В финале Римма Саркисян произносит монолог, в котором Маслова воодушевленно делится со зрительным залом своим восхищением политическими заключенными. Следующая сцена – Илья Дель стоит на коленях, умоляя прожектор, «разговаривающий» голосом конвойного, о свидании с Катюшей. Из темноты, как собаке, ему бросают кусок какой-то еды, и он его подбирает. Катерина и Дмитрий выходят на последний диалог: Нехлюдов поседевший, постаревший, рыдающий человек, буквально подползает к ногам Масловой. Она говорит о себе и прекрасных политзаключенных – «мы»; объявляет, что у них и Нехлюдова разные дороги.

…Гладя Дмитрия по седым волосам, Катюша под замедленный ритм все того же Гурвица произносит монолог «Люди, как реки…», снимает со своих коленей его голову, поднимает тюремную телогрейку и уходит в глубину сцены, а Дмитрий Нехлюдов обнимает табурет и кладет на него голову, как на плаху. Спектакль заканчивается не оправданием Катюши, а обещанием Нехлюдова добиться ее освобождения.

Маслова отправляет Нехлюдова жить, но есть ли у него для этого силы? И есть ли они у него, чтобы добиться ее освобождения? Будет он искать правду для других, покой для себя или истину в вине? Петербург хоть и культурная столица, но ему ближе, чем Москве, старый способ глушить сомнения пьянством. Питейные заведения здесь по-прежнему дешевле и доступнее, а людей, равнодушных к карьере и благосостоянию, больше, чем в прагматичной столице. Айдар Заббаров – режиссер приглашенный, но место имеет значение: в его спектакле витает дух нервного, растерянного и неспособного к длительному направленному действию питерского интеллигента.

А вот Нехлюдов Тихона Жизневского в постановке Никиты Кобелева, скорее, москвич. Спектакль «Ленсовета» более чувственный, а версия Александринки ближе интеллектуальному театру, идеологически опирающемуся на монтаж «фактов». В инсценировке Н. Кобелева и Д. Богославского действие перенесено в наше время, созданные ими характеры героев и их речь абсолютно современны (текст частично изложен другими словами).

О нежном возрасте Катюши Масловой здесь вспоминают бегло: вот короткое платье в мелкий цветочек, вот почти безэмоциональное овладение ею Нехлюдовым. В конце первого акта Анна Блинова, в платье цвета фуксии, как загнанная лошадь, на бегу, расскажет историю своего падения.

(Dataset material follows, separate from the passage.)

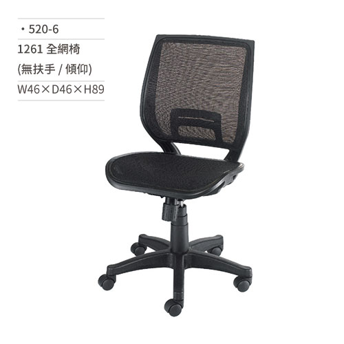 高級網椅/辦公椅(無扶手/傾仰)520-6 W46×D46×H89

Это блестяще сыгранный экскурс в судьбу героини для не читавших роман и – заодно – напоминание об актерских триумфах самой Блиновой в спектакле «Нана» Андрия Жолдака и в роли Сонечки Мармеладовой из «Преступления и наказания» Аттилы Виднянского. Катерина – не розовая героиня из народа, она трезво смотрит на мир, открыто сексуальна, порой агрессивна, но одновременно чиста, милосердна и беззащитна.

Никита Кобелев удачно дебютировал на Малой сцене Александринского театра: его спектакль «Тварь» высоко оценили и зрители, и профессиональное сообщество. «Воскресение» он выпустил уже как главный режиссер театра. Горизонтально вытянутый планшет сцены, в центре которого расположены купе для социально успешных пассажиров. Разворачиваясь другой стороной, эти купе превращаются в тюремные камеры. Композиция собирает истории, цепляя их, как вагоны поезда, к локомотиву судьбы Нехлюдова, и визуализирует мысль, что полка очень просто и быстро может обернуться нарами. Сценограф Нана Абдрашитова  – постоянный соавтор Никиты Кобелева, в ее простом и лаконичном решении происходит соединение классической прозы и современной драматургии.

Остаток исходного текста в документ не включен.